Myanmar's neo-Nazi Racism as both a Cultural Subconscious and a Governmental Policy

"According to our government, we don't have a policy of discrimination based on religion or race".
 -- Myanmar President and Ex-General Thein Sein, CNN Interview, 20 May 2013




One thing racist will never admit to is the fact that they ARE racist.

The same thing can be said of the genocidists and ethnocidists, that is, slaughterers of (other) peoples and masses masses and killers of ethno-cultures (as opposed to class cultures), respectfully.

In the case of the Rwanda genocide, some Tutsi would say 'they (Tutsi) just committed mass suicide'.

 

One of the most wonderful things about Burma's anti-Muslim racism is this:

the countrywide racists do not know, or admit to,the fact they are racists and that racism is sick, a mental and societal disease with dire consequences for the (ethic, cultural and religious) Other.

A racist may become aware of the fact that he or she is racist and that it's bad. But it is another matter whether or not he or she attempts to detox him- or herself.

Like a cancer racism is usually terminal.

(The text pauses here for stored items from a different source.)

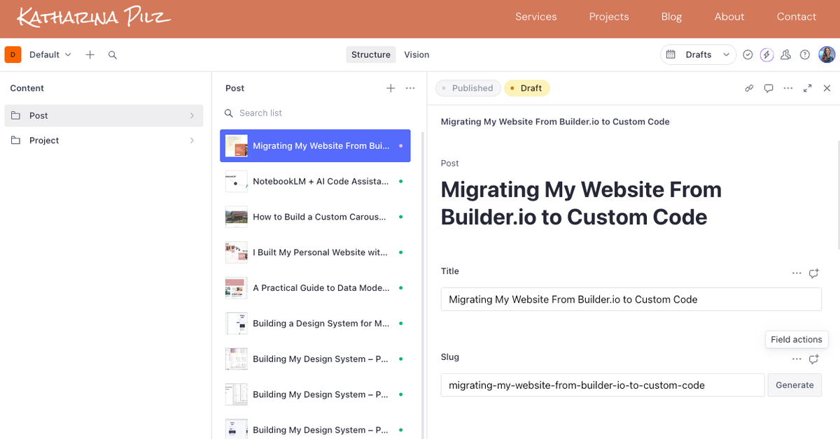 Migrating my existing content from Builder.io into Sanity is a whole separate story. I'll cover that in a dedicated post.
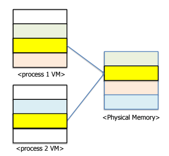 - 같은 메모리 공간을 두 개 이상의 프로세스가 공유하는 것
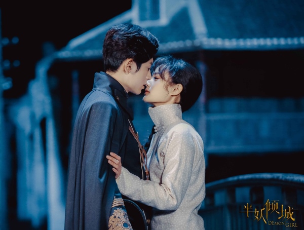 由东阳欢娱影视文化有限公司承制、于正担纲编剧兼艺术总监的《半妖倾城》讲述了民国时期半妖聂倾城与富家公子明夏(张哲瀚饰)之间曲折的虐恋故事。从海报曝光到剧集播出,《半妖倾城》都妖气十足,墨绿色背景、暗沉色服装,诡异画风与以往少女系大相径庭,超现实暗黑漫画风令人眼前一亮。
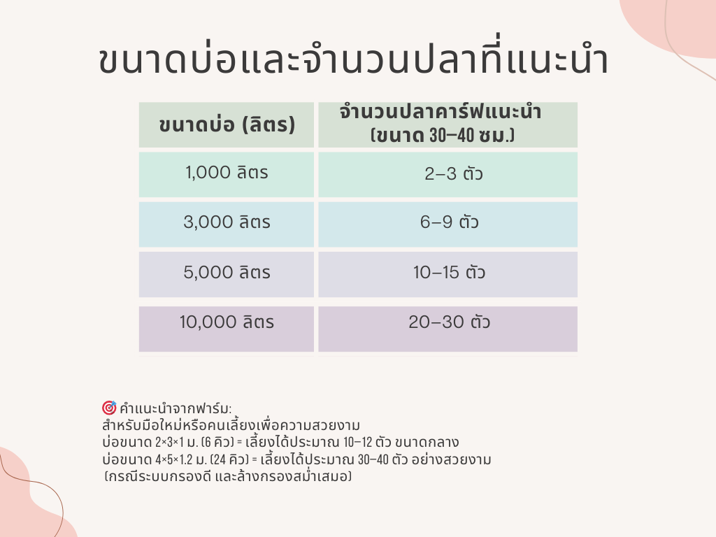 - 1 ลูกบาศก์เมตร (1,000 ลิตร) = แนะนำเลี้ยง 2–3 ตัว ขนาด 30–40 ซม.
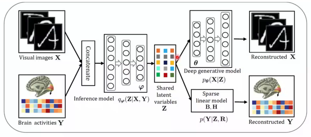 ? ? ? ?然后何老師介紹了多視圖生成式自編碼模型(Deep generative multi-view model(DGMM)),該研究由何老師課題組博士生杜長德(已畢業)完成。該模型基于這樣一個假設,即視覺圖像和大腦響應是同一客體在不同特征空間中的外在表征。由該假設可得視覺圖像和大腦響應可以由同一隱含變量通過不同的生成模型得到。這樣一來,視覺圖形重建問題就轉變為了多視圖隱含變量模型中缺失視圖的貝葉斯推斷問題。
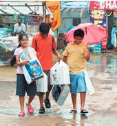 | Youngsters brave the shower on Sunday afternoon to shop for fireworks at the deserted Bazi Bazar on the Maidan. Picture by Sanjoy Chattopadhyaya |
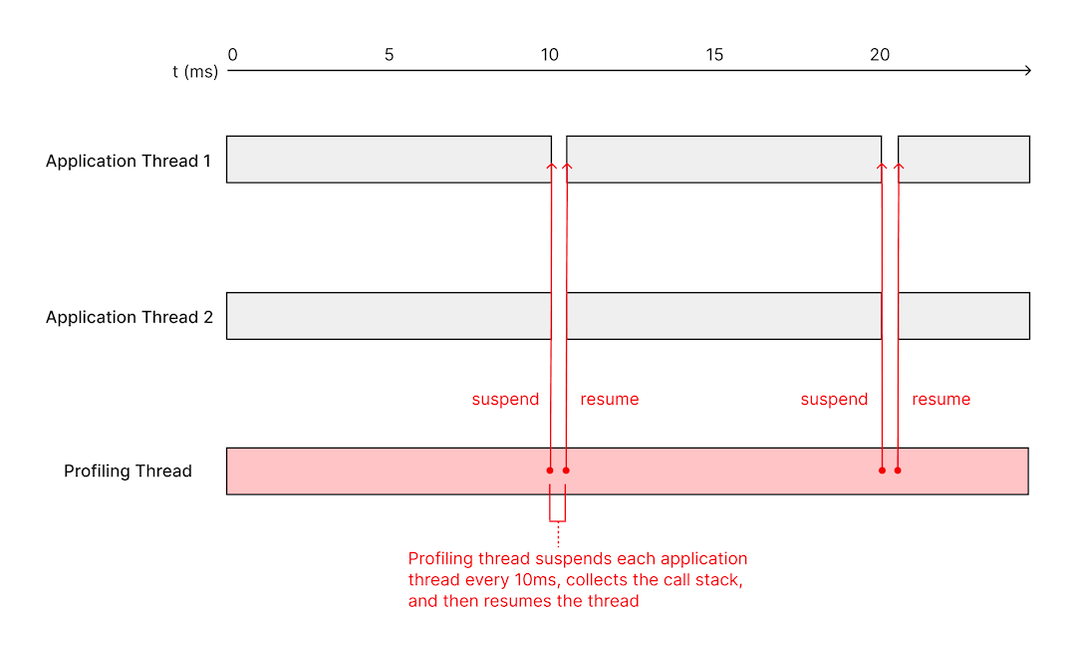 • Sampling profilers collect samples at a fixed interval to limit performance overhead at the cost of only collecting approximate data about function execution that does not have the resolution to determine the duration of all function calls.
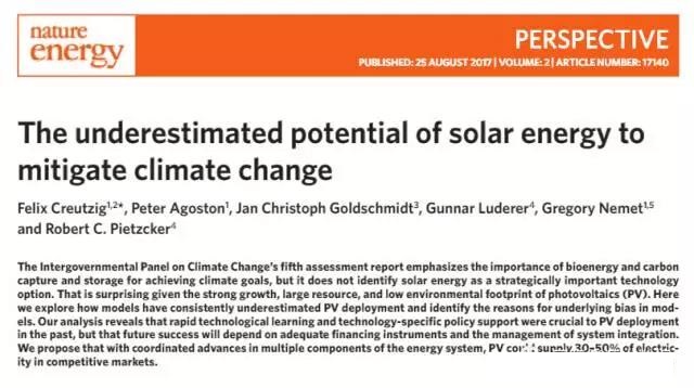 德國研究人員在最近一期《自然˙能源》雜志上發(fā)表題為“Theunderestimatedpotentialofsolarenergytomitigateclimatechange”(太陽能減緩氣候變化的潛力被低估)。在這篇文章中展示了下面的曲線圖:
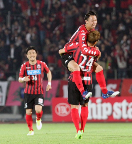 上写真/前半38分、先制弾を決めたDF福森(24番)に飛びついて祝福するMF荒野、左は笑顔で走り寄る早坂(26番)
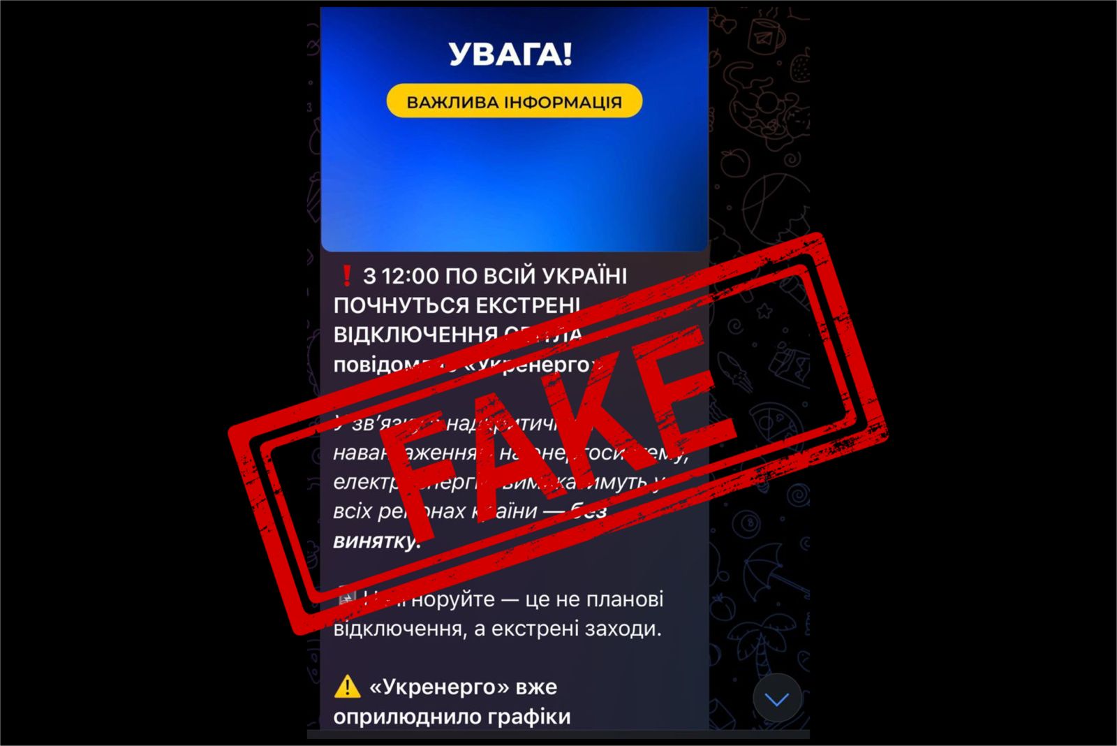 Якщо ви бачите повідомлення про відключення світла із закликом підписатися на невідомий Telegram-канал для отримання деталей – це ознака обману та, ймовірно, частина російської інформаційно-психологічної операції.
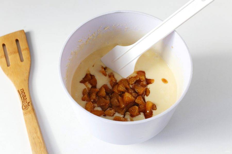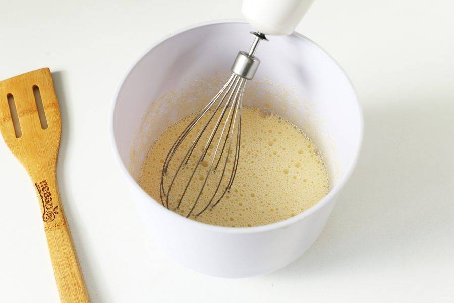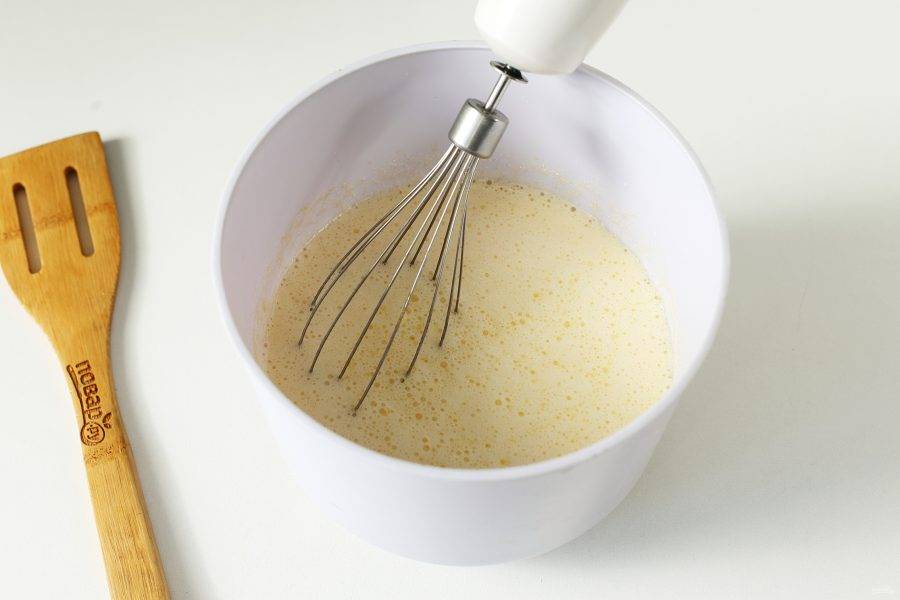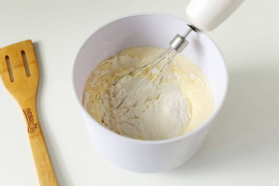 Добавьте кефир, растопленное и чуть охлажденное сливочное масло, соду и перемешайте до появления пузырьков.
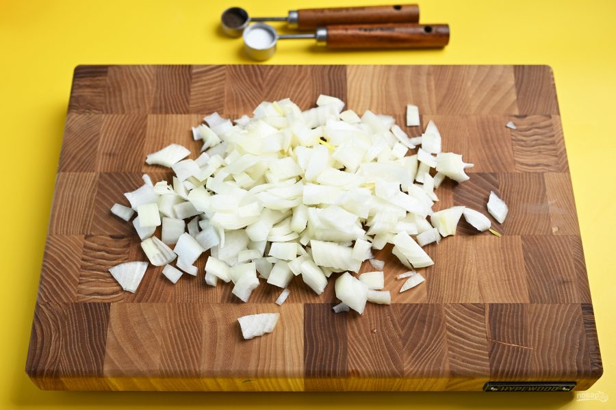 Пока подходит тесто займитесь начинкой. Мелко нашинкуйте лук.
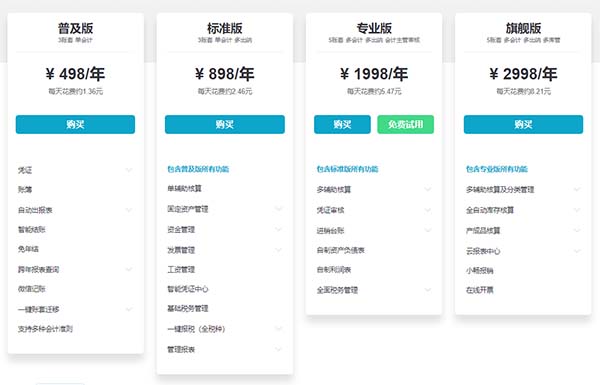普及版:498元/年;标准版:898元/年;专业版:1998元/年;旗舰版:2998元/年。

Cancer may be cured and one may be cleared.

But racism is a harder internal mental and societal disease for which one (and the whole of society) needs to be placed on long-term remedial regime - such as anti-racism programs, changes in laws and institutional behavior, punitive and disciplinary regimes, intelligent attempts at genuine cultural transformation, public discussions and debates, etc. That's why, even the western-educated 'Myanmarese' with significant exposure to multicultrualist worldviews evidently succumb to Myanmar neo-Nazi racism.



Dr Yin Yin Nwe, the Cambridge-educated geologist, ex-daughter in law of the late dictator Ne Win, former country representative of UNICEF in China, President Thein Sein's Inquiry Commission member investigating the violence in Rakhine state, explaining why she endorses a version of eugenic, namely 'voluntary' population control of poor, un-educated Rohingya women whom she calls "Bengali", a popular and official racist reference to the Rohingyas of Burma,

The Voice of America Burmese (12 May 2013)

Even in societies such as the United States or United Kingdom, where the societies are incomparably socially enlightened and open for intellectual and ideological diversity than the place I used to call 'home', namely Burma, everyday practices and sentiments of racism persist.

Tragically for the subconsciously racist public of Burma their ruling elite and counter-elite are themselves suffering from a heavy strain of ethno-nationalist bigotry.




Neither Thein Sein nor Aung San Suu Kyi, nor the leading lights of the western donor-funded civil society seems to appreciate the cancerous cultural situation the society has found itself in, let alone confront both popular and institutionalized Racism.

Consequently, both popular and statist/governmental versions of racism this time have come to assume Fascist/Nazi characteristics.